I/P Engine, Inc. v. AOL, Inc. et al
NOTICE by I/P Engine, Inc. of Plaintiff's Proffer Regarding Proposed Rebuttal Testimony of Donald Kosak (Sherwood, Jeffrey)
UNITED STATES DISTRICT COURT
EASTERN DISTRICT OF VIRGINIA
I/P ENGINE, INC.,
Civ. Action No. 2:11-cv-512
AOL, INC. et al.,
NOTICE OF PLAINTIFF’S PROFFER REGARDING PROPOSED REBUTTAL
TESTIMONY OF DONALD KOSAK
Plaintiff I/P Engine, Inc. (“I/P Engine”) hereby submits the following proffer regarding
the proposed rebuttal testimony of Donald Kosak. Mr. Kosak’s rebuttal testimony is intended to
respond to the inaccurate and misleading statements by Defendants’ damages expert, Keith
Ugone. Dr. Ugone said that Lycos has no ability to transfer technology with a patent license,
it's not like Lycos would be able to say to Google, I can license you, the
patents-in-suit, and I can give you some technological know-how to go
along with that, and I can tell you how to implement the teachings of the
patents-in-suit. So Lycos would not be able to turn over that sort of data.

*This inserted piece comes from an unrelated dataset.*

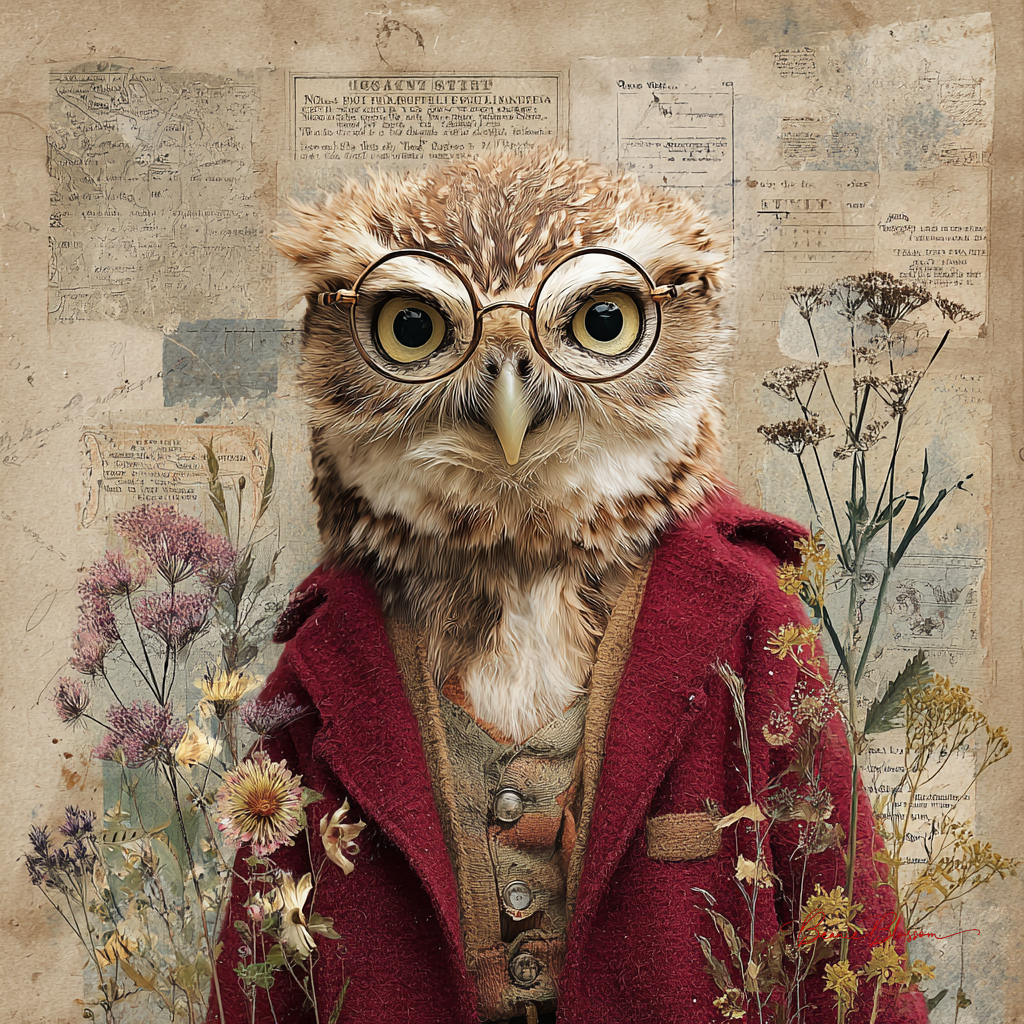 A whimsical mixed-media collage of a tiny librarian owl wearing wire-rimmed spectacles and a burgundy cardigan vest, Delicate watercolor washes blend with collaged vintage typography, dried pressed flowers, and snippets of antique maps, creating a dreamlike atmosphere of scholarly tranquility and gentle magic.

(Tr. at 1577-1578) He asserted that Lycos and Google had a commercial relationship in which
Lycos depended on revenue from Google’s advertising services, and Lycos “didn’t have a real
preference” as to a lump-sum or a running-royalty payments. (Tr. at 1574-1576; 1579). ).
Relying on a story he found on the internet, Dr. Ugone also testified that as of the date of the
hypothetical negation, Lycos was having “business problems” and “financial difficulties” and
had laid off 20 percent of its U.S. staff. (Tr. at 1580). Dr. Ugone further testified that Lycos was
sold to Daum communications in 2004 for $95 million. (Tr. at 1580-1581). As set forth below,
Mr. Kosak will rebut each of these points.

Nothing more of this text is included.